━━━━━ COLLECTED DATA
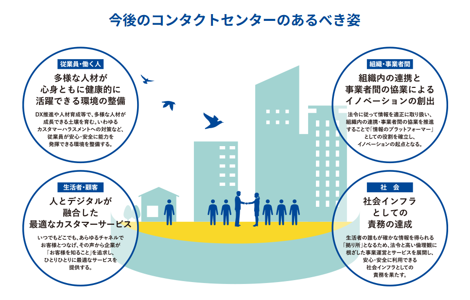 そうです。4つの視点からなる次の世代のコンタクトセンター像を明確化しました。具体的には、生活者・顧客、従業員・働く人、組織・事業者間、社会の各項目について定義しています。この指針を示すとともに、その実現に向けた支援を通じて、職業・職場としての魅力を高め、業界の健全な発展に尽力していくことが協会の役割だと考えています。
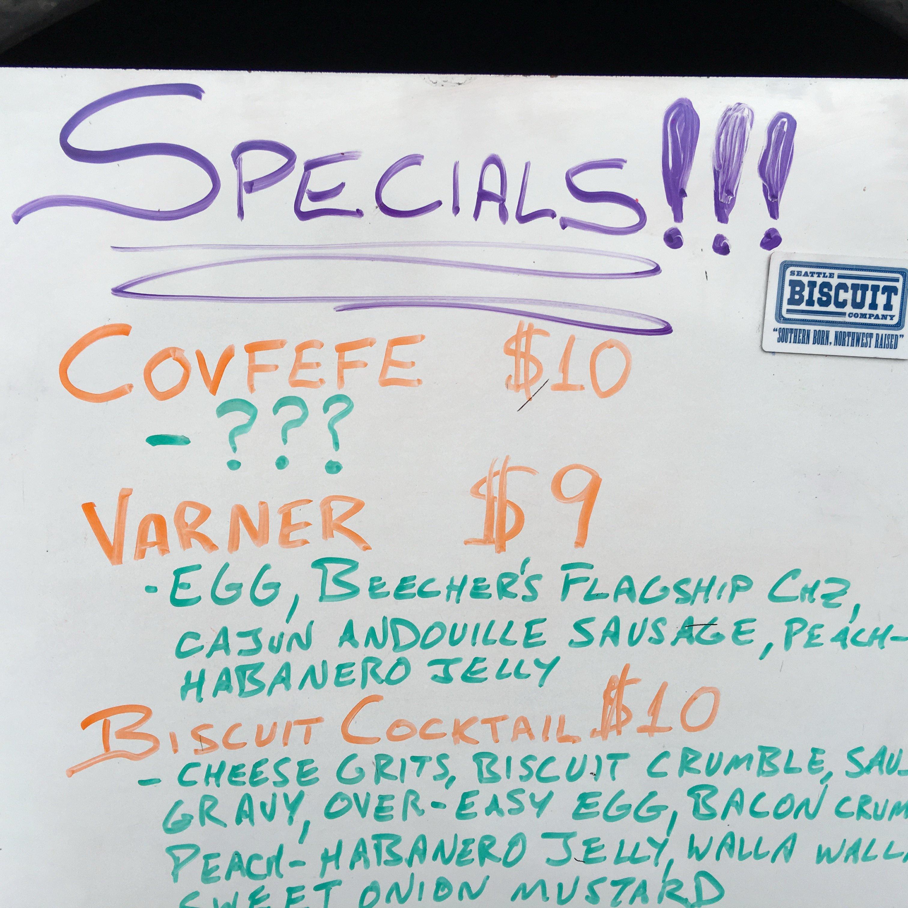 The Seattle Biscuit Company included a photo of its specials board with its application to the Patent and Trademark Office, which includes the $10 “Covfefe” sandwich.
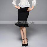 Wholesale 2016 Summer Fashion Ladies Knee Length Pleated Skirts Elegant Women High Waist Ruffle Hem Black Midi Skirt
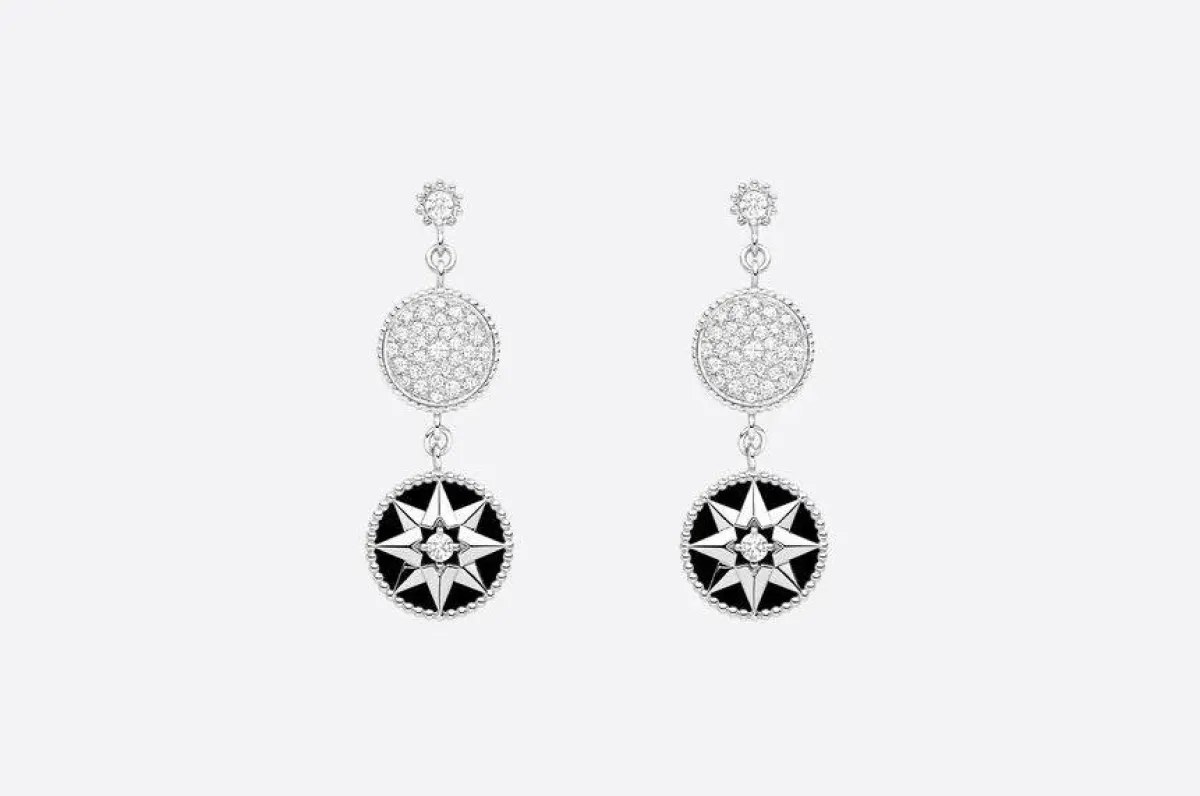 لتصميم أنيق أكثر نعومة وجاذبية في يوم زفافكِ، نرشح لكِ أقراط Rose Des Vents، من ماركة ديور Dior، التي صُممت على شكل نجمة ذات 8 رؤوس من الذهب الأبيض عيار18 قيراطاً، جاءت مرصعة بحجر الأونيكس، مع أحجار من الألماس بوزن 0.084 قيراطاً.
━━━━━━━━━━
EXERCISE GOAL | Print the data above from its first line through the line that has "Wholesale 2016 Summer", exactly and with nothing else, omitting pictures.

SOLUTION FOR THIS TASK |
 そうです。4つの視点からなる次の世代のコンタクトセンター像を明確化しました。具体的には、生活者・顧客、従業員・働く人、組織・事業者間、社会の各項目について定義しています。この指針を示すとともに、その実現に向けた支援を通じて、職業・職場としての魅力を高め、業界の健全な発展に尽力していくことが協会の役割だと考えています。
 The Seattle Biscuit Company included a photo of its specials board with its application to the Patent and Trademark Office, which includes the $10 “Covfefe” sandwich.
 Wholesale 2016 Summer Fashion Ladies Knee Length Pleated Skirts Elegant Women High Waist Ruffle Hem Black Midi Skirt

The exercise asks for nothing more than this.